抗さび病品種への植え替えによって湿度の高い時期でもさび病の被害を避けることができます。
日陰の利用
コロンビアでは約半数の生産地域でシェード(日陰)式栽培方法が採用されています。日照が強すぎる、または乾期が長すぎる地域では必要不可欠です。反対に日照が弱く、乾期が短い地域では、コーヒーの木を日光にあてる日向式で栽培されています。いずれにしても鳥やその他の動物の棲家を壊さないように生産者たちは十分に注意を払わなければいけません。
農園のメンテナンス
乾期の間、害虫の発生を防ぐためには農園のメンテナンスが欠かせません。完熟、または熟しすぎた実は木から取り去り、地面に落ちた実もきれいに排除することで虫の発生はある程度予防することができます。
適度な栽植密度
栽植密度とは木と木の間に与えられたスペースのことです。最も適当な栽植密度はヘクタールあたり日向式で9、000本、シェード(日陰)式で5,000本です。土壌保全の実践と併用すると気候変動からの悪影響はある程度避けられ、生産量を維持することができます。
抗さび病品種への入替え
湿気はさび病が好む条件の一つです。そのため雨が降り、気温が上がるとさび病は急速に繁殖します。さび病への対応として生産者たちはカスティージョのような抗さびの品種に植え替えを行っています。
土壌の保全
通常、コーヒーは山の急斜面で栽培されています。土壌をよい状態に保つため、そして土地の侵食を避けるために木の周りの土の表面を軽い草で覆います。この草がクッションのような役割を果たし、コーヒーの木を雨から保護します。この方法によって殺虫剤の使用も抑えることができます。

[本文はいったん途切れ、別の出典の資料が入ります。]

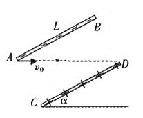 3、计算题 如图所示,两块与水平方向成α角的平行带等量异种电荷的金属板AB与CD,正对放置,板长均为L,有一质量为m、带电量为q的微粒从金属板A端以速度v0沿水平方向进入两板间,并沿直线从金属板D端射出。
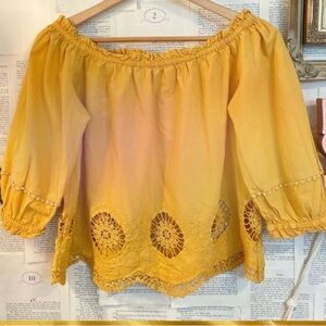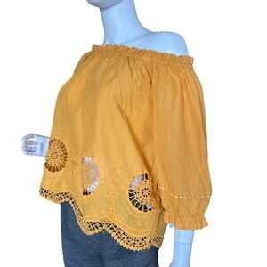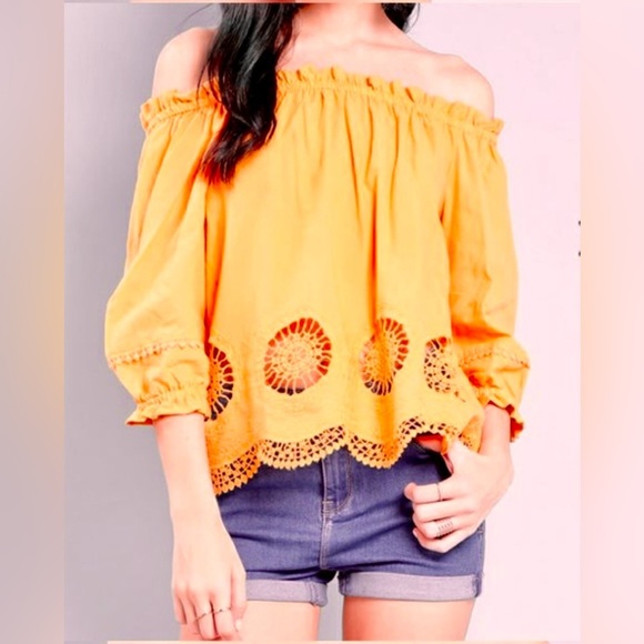 Brighten your wardrobe with this stylish off-shoulder yellow top. Perfect for casual outings, it features intricate lace detailing for a chic look.
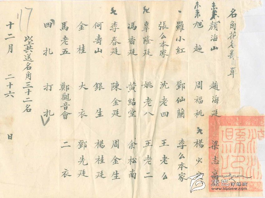 不準(zhǔn)賭博做什么呢?當(dāng)時的當(dāng)權(quán)者還是費了一番心思,他們從外地請來了一個川戲班子,為了吸引人們關(guān)注,康定縣政府把戲班的名角以及配角演員名單寫成海報張貼到街頭,又抄成傳單廣為散發(fā),用現(xiàn)在的話說是,做足了戲班出場前的前期宣傳工作。從名單上看,這是一個不小的戲班子,所謂名角竟有32名之多。想來對于沒有多少文化生活的康定民眾,還是有一定的吸引力。
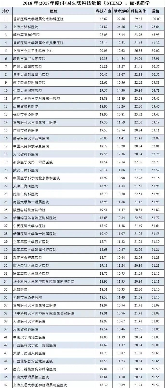 12月23日,由中国医学科学院主办、中国医学科学院医学信息研究所承办的“2018年(2017年度)中国医院科技量值发布会暨第六届中国医学科学发展论坛”在中国医学科学院礼堂举行。会上发布了中国医院科技量值(STEM)年度排名。今年的排名共对1662家三级医院进行科技量值评价,评价对象较往年增加了33家,涵盖29个学科领域,共有474家医院进入前100位,2018年(2017年度)中国医院科技量值(STEM)结核病专科榜单前100排名,在结核病学领域,陕西省结核病防治院位列全国第25名,在全省排名第一,实现了“三个零的”突破,建院60来以结核专科为主的治疗、预防、科研在全国榜上有名。
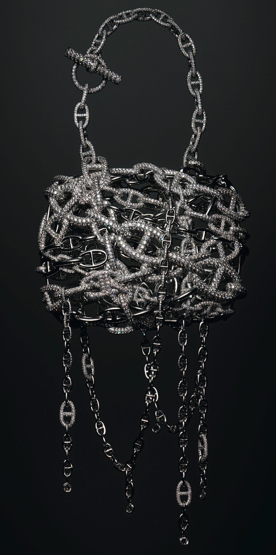 Une autre pièce de la collection Haute Bijouterie Hermès conçu par le talentueux Pierre Hardy. Ce designer de talent notoirement fourni un look unique et l’expérience pour ce sac en particulier. Avec de nombreux clous en or blanc sur l’extérieur et un total de 1.160 diamants, ce qui égale à 33,94 carats, ce sac est hors de l’ordinaire.

以上の戦略はすでに数年前から実施されており、好ましい効果をあげています。
昨年からはエルニーニョ現象が起こり、コーヒー生産国各地でもその影響がみられましたが、コロンビアではその被害も比較的少なく抑えることができました。
また、生産量の保持に重きをおくだけでなく環境保全も視野に入れた将来的に持続可能な生産を目指している点でこれからの農業を考える上でのモデルケースになるのではないでしょうか。